» Exercise instructions
Starting with the line that holds "This over-dyed Turkish", reproduce each line through the last one of the data, exactly as written. Pictures are not copied.

» Data segment
********

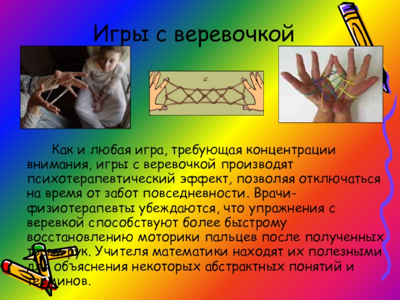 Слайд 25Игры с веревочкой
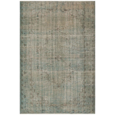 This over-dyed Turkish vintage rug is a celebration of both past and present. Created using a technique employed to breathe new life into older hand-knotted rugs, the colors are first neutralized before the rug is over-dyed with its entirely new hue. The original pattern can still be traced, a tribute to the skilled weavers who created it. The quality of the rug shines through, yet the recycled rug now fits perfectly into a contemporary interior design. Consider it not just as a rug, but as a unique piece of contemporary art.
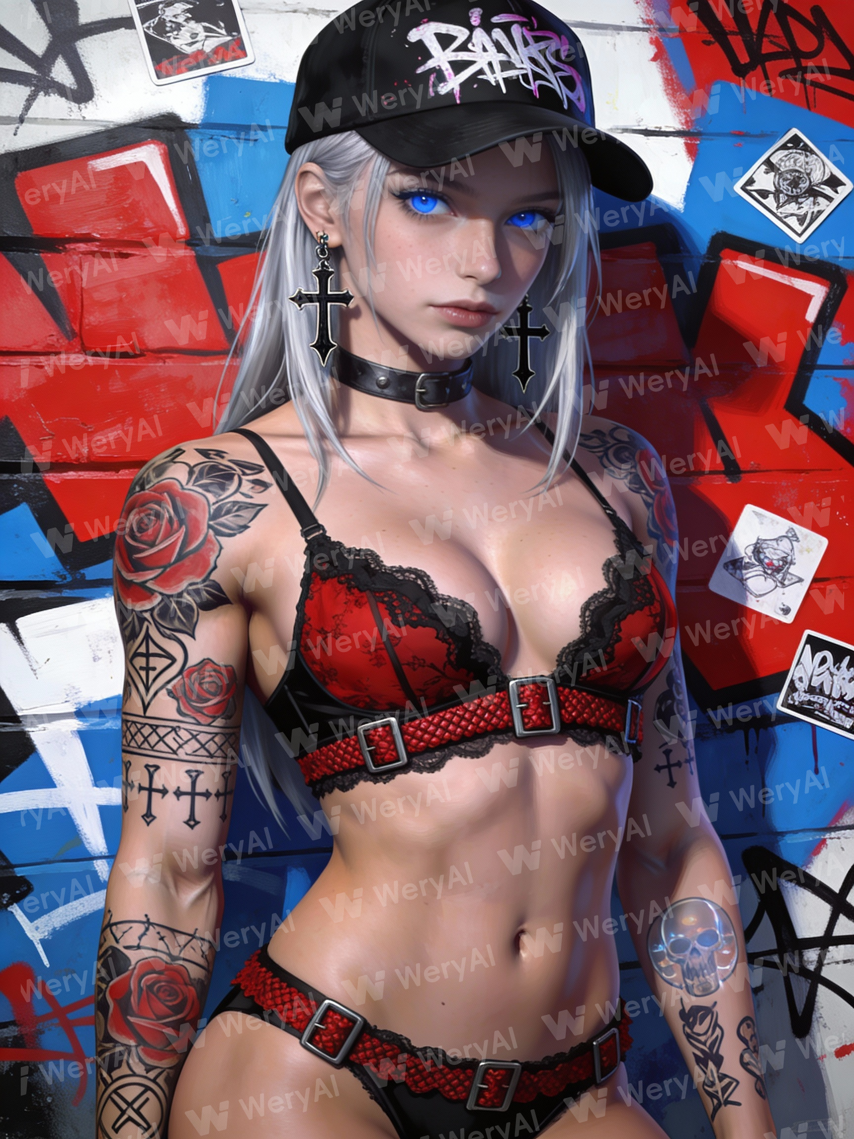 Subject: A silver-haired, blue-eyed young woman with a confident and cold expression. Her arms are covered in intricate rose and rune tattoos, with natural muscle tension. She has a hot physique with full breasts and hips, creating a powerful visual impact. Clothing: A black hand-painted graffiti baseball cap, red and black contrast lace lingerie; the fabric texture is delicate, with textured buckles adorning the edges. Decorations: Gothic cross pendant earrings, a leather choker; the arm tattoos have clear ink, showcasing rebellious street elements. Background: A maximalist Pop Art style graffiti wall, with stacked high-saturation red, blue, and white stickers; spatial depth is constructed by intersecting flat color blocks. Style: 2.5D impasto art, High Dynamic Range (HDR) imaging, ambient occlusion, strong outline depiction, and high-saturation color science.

********

» Result of the task
 This over-dyed Turkish vintage rug is a celebration of both past and present. Created using a technique employed to breathe new life into older hand-knotted rugs, the colors are first neutralized before the rug is over-dyed with its entirely new hue. The original pattern can still be traced, a tribute to the skilled weavers who created it. The quality of the rug shines through, yet the recycled rug now fits perfectly into a contemporary interior design. Consider it not just as a rug, but as a unique piece of contemporary art.
 Subject: A silver-haired, blue-eyed young woman with a confident and cold expression. Her arms are covered in intricate rose and rune tattoos, with natural muscle tension. She has a hot physique with full breasts and hips, creating a powerful visual impact. Clothing: A black hand-painted graffiti baseball cap, red and black contrast lace lingerie; the fabric texture is delicate, with textured buckles adorning the edges. Decorations: Gothic cross pendant earrings, a leather choker; the arm tattoos have clear ink, showcasing rebellious street elements. Background: A maximalist Pop Art style graffiti wall, with stacked high-saturation red, blue, and white stickers; spatial depth is constructed by intersecting flat color blocks. Style: 2.5D impasto art, High Dynamic Range (HDR) imaging, ambient occlusion, strong outline depiction, and high-saturation color science.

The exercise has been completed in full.